The task
What you should give back is a precise copy of the lines below from the one containing "cubiertas de sargazo." through the one containing "et spectateurs aussi", with no pictures.

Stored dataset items
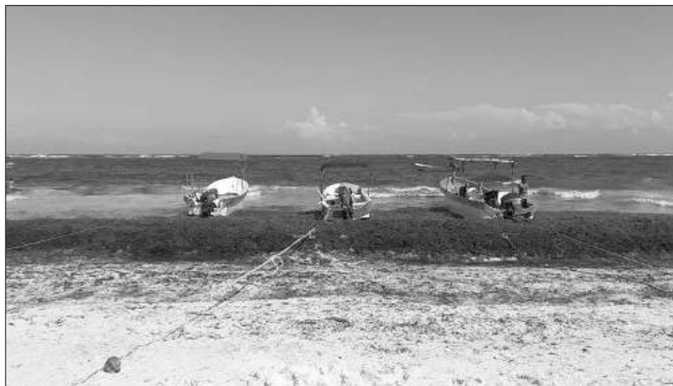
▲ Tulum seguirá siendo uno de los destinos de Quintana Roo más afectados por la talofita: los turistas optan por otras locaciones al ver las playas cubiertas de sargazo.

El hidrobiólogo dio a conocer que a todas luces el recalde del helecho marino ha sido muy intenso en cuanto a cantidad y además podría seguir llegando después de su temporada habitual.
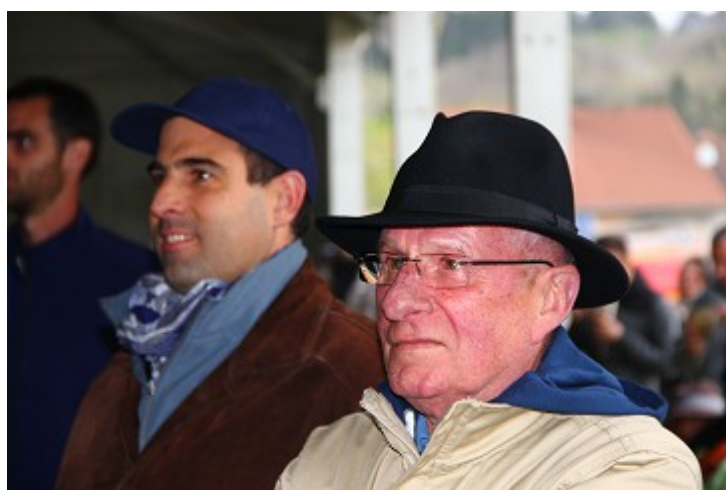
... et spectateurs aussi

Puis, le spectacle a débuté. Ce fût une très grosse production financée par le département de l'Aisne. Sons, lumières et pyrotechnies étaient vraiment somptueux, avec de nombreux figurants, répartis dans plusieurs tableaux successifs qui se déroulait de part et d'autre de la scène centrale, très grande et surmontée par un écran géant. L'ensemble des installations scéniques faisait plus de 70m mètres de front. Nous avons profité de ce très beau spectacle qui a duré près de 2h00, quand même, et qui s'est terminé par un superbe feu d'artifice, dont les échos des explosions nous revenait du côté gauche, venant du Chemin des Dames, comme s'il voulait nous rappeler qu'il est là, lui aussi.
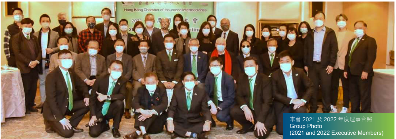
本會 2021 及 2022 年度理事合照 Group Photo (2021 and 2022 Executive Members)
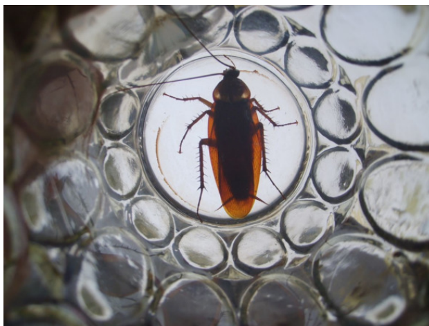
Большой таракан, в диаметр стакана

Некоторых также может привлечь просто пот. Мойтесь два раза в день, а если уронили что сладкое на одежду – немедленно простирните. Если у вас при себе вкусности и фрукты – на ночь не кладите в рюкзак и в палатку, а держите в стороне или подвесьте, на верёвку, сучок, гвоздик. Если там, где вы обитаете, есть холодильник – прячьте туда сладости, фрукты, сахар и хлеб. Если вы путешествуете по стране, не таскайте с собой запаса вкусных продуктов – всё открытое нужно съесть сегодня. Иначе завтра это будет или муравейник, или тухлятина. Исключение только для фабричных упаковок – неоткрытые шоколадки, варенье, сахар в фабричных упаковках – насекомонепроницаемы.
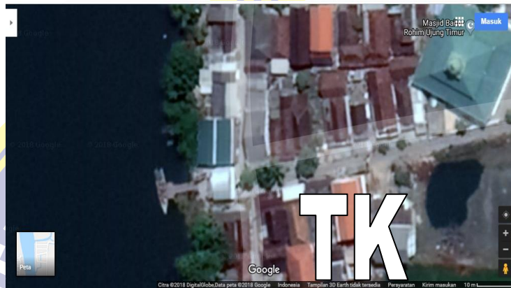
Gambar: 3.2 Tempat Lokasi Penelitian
...
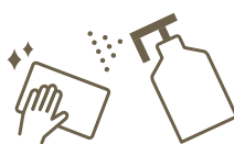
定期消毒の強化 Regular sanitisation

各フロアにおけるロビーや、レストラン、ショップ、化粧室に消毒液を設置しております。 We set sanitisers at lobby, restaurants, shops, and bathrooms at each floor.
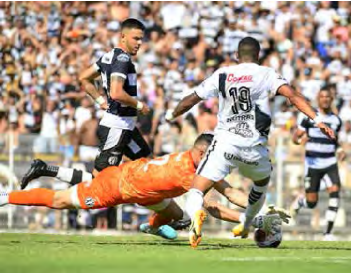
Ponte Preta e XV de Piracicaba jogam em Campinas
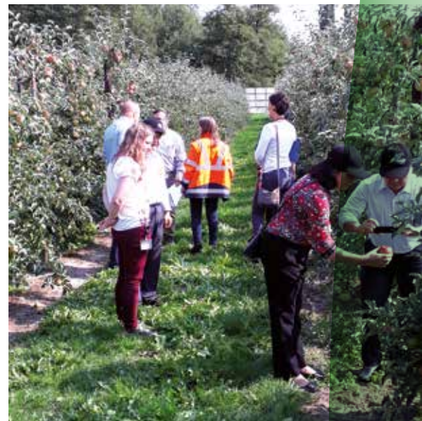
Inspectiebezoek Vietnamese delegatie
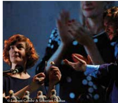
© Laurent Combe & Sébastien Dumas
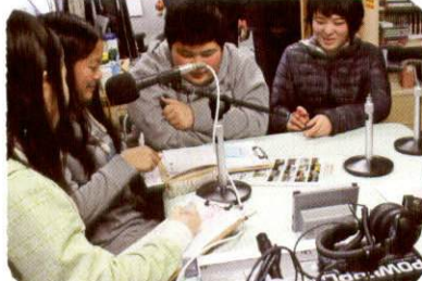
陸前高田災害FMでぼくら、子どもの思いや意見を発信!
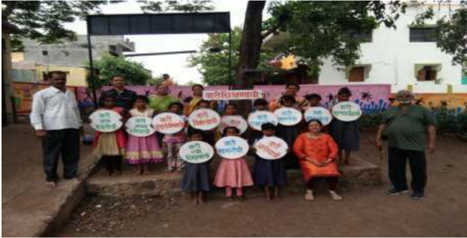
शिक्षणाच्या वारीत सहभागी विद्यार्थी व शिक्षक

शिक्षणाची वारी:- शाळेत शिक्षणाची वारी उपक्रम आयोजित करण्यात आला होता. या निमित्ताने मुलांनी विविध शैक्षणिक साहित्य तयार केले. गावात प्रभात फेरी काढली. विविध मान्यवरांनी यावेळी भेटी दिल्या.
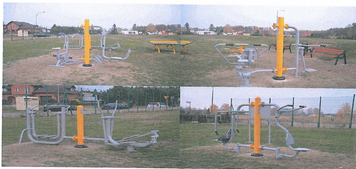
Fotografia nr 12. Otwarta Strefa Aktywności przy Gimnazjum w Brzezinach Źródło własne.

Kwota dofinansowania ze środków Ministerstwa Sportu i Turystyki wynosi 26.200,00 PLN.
--
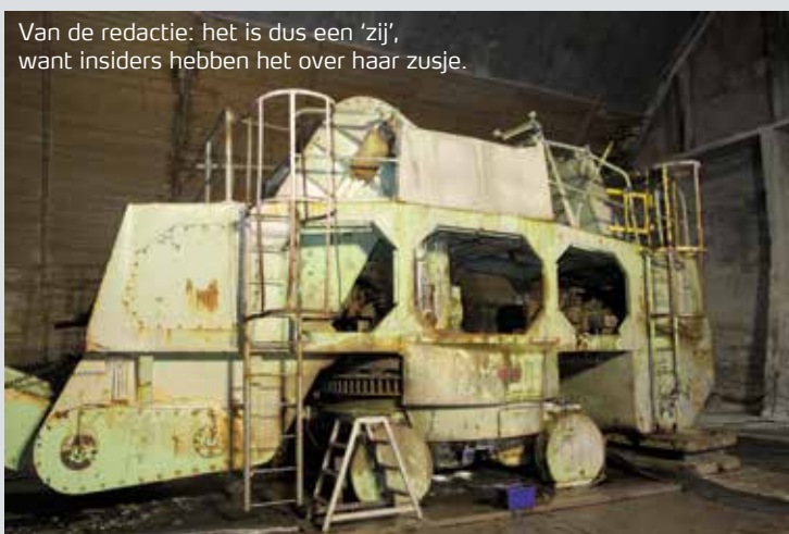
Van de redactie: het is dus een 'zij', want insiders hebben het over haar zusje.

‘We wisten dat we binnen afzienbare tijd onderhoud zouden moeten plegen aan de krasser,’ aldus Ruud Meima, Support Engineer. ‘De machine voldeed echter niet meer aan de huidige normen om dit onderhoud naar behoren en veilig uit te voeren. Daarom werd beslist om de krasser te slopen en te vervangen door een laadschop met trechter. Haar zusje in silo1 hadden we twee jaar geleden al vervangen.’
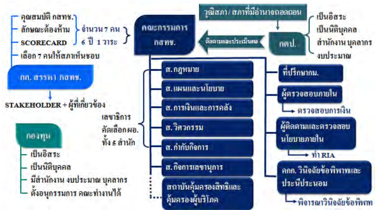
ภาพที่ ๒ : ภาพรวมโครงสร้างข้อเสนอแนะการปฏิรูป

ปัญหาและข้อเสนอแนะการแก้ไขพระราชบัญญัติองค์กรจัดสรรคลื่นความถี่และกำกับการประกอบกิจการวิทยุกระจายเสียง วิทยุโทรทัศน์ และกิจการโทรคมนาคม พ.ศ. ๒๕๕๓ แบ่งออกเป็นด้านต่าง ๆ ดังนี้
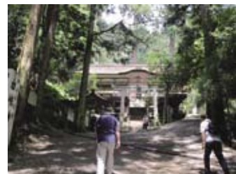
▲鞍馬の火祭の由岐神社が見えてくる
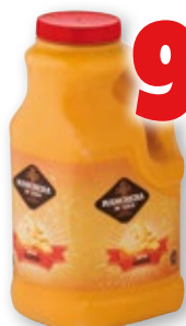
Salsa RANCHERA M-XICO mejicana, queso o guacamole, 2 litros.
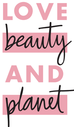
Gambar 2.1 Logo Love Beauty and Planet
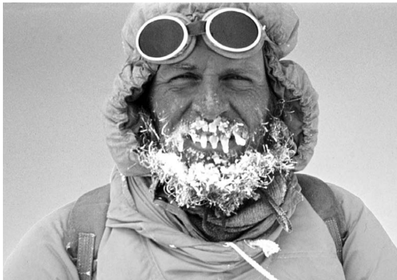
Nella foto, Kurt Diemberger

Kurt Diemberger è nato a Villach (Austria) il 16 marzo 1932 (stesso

Output of the task
▲ Tulum seguirá siendo uno de los destinos de Quintana Roo más afectados por la talofita: los turistas optan por otras locaciones al ver las playas cubiertas de sargazo.

El hidrobiólogo dio a conocer que a todas luces el recalde del helecho marino ha sido muy intenso en cuanto a cantidad y además podría seguir llegando después de su temporada habitual.
... et spectateurs aussi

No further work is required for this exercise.